6. | Tell us whether, as of December 31, 2010 or September 30, 2011, there are any properties for which net book value exceeded undiscounted future net cash flows if revenues were determined based on either actual prices as of the dates the estimates were prepared or un-escalated forward prices for the next three years. Identify any such properties for us. Additionally, tell us the carrying value of the properties as well as the extent to which book value exceeded undiscounted future net cash flows under both pricing scenarios. |
Based on discussions with the SEC staff, we have prepared an alternative analysis of our December 31, 2010 impairment review model for our evaluated oil and gas properties.
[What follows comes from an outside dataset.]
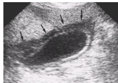
Fig 6. Longitudinal U/S Showing Gall Bladder Wall Thickening

Meningo-encephalitis of varying severity is seen in scrub typhus patients. Although central nervous system

In the alternative analysis we used the market-based three year future prices of oil and natural gas without applying the 5% escalation factor to subsequent years. We also used the actual producing and development cost at December 2010 without applying any cost escalation factors to future years. The undiscounted future net cash flows estimated under this scenario exceeded the carrying value of properties for 45 of the total 55 significant field areas that we have. Ten of the field areas carrying value exceeded the undiscounted future net cash flows. These field areas had a combined book value of $146.7 million at December 31, 2010 or less than 10% of our total carrying book value of $1.5 billion. These properties exceed the undiscounted future net cash flows by $72.2 million.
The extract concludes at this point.